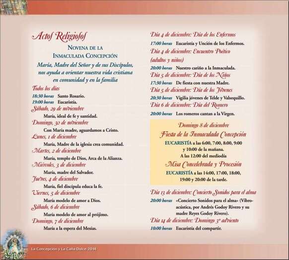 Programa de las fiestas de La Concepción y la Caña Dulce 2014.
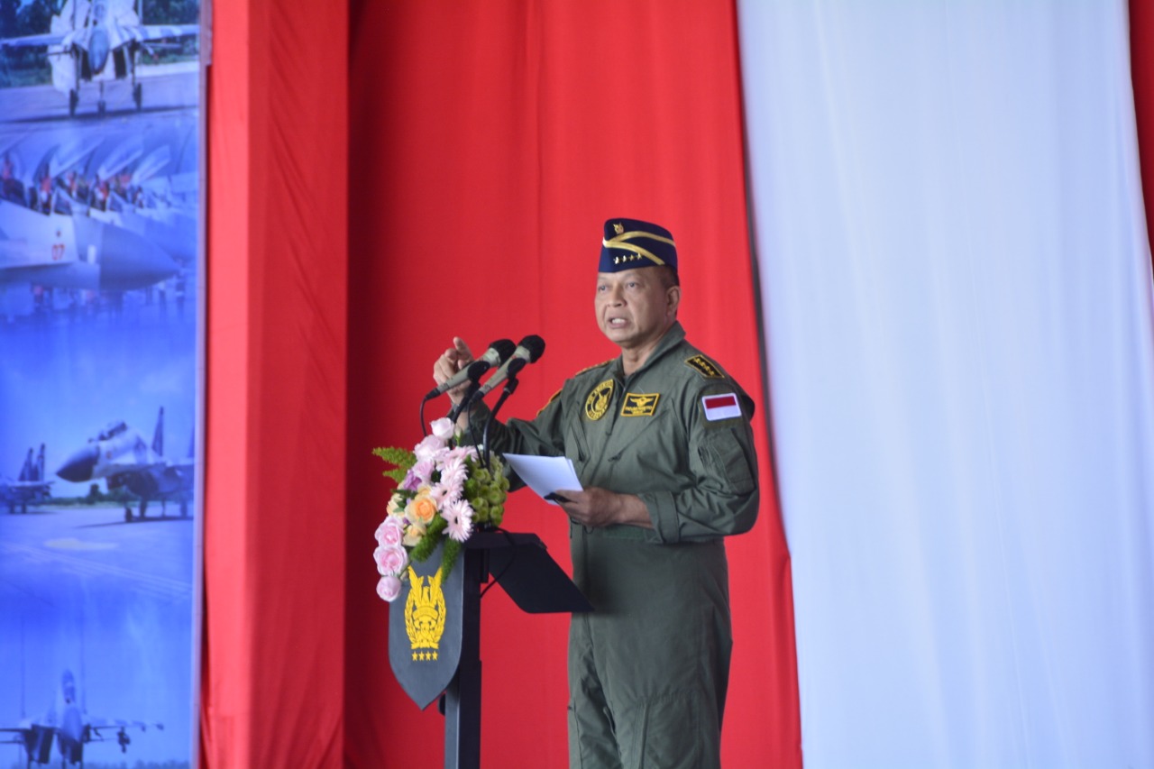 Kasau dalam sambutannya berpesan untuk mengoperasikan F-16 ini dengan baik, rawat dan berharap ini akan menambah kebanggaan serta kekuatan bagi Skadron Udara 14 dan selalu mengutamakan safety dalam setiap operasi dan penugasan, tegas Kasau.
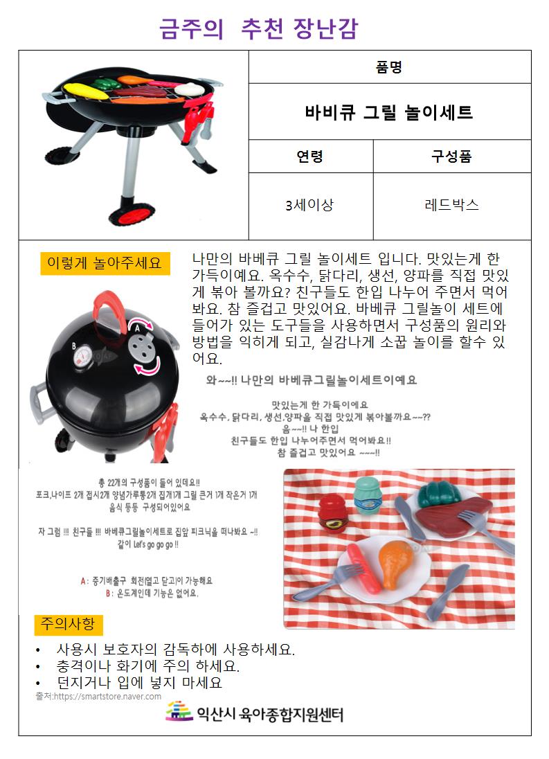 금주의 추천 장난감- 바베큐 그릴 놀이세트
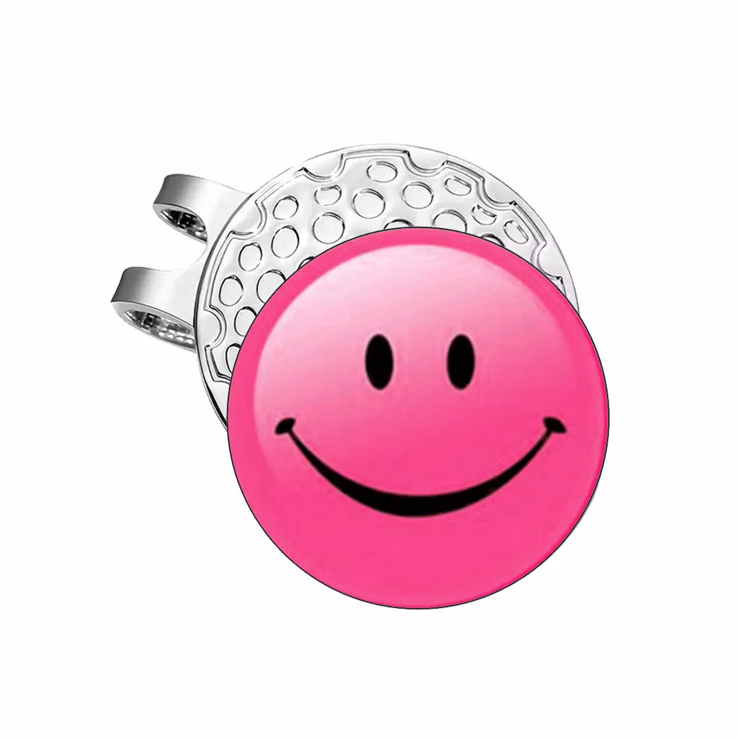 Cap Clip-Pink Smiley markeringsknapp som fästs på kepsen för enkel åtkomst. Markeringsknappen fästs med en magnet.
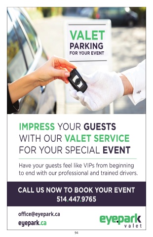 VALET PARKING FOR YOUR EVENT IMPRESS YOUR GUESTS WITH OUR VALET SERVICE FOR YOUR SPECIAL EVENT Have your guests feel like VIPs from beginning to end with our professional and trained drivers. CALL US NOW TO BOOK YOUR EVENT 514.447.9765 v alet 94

---*---

▶ **TO DO**
Output exactly the lines from the line with "Kasau dalam sambutannya" to the last line of the records, including both, and leave every picture out.

▶ **EXPECTED ANSWER**
 Kasau dalam sambutannya berpesan untuk mengoperasikan F-16 ini dengan baik, rawat dan berharap ini akan menambah kebanggaan serta kekuatan bagi Skadron Udara 14 dan selalu mengutamakan safety dalam setiap operasi dan penugasan, tegas Kasau.
 금주의 추천 장난감- 바베큐 그릴 놀이세트
 Cap Clip-Pink Smiley markeringsknapp som fästs på kepsen för enkel åtkomst. Markeringsknappen fästs med en magnet.
 VALET PARKING FOR YOUR EVENT IMPRESS YOUR GUESTS WITH OUR VALET SERVICE FOR YOUR SPECIAL EVENT Have your guests feel like VIPs from beginning to end with our professional and trained drivers. CALL US NOW TO BOOK YOUR EVENT 514.447.9765 v alet 94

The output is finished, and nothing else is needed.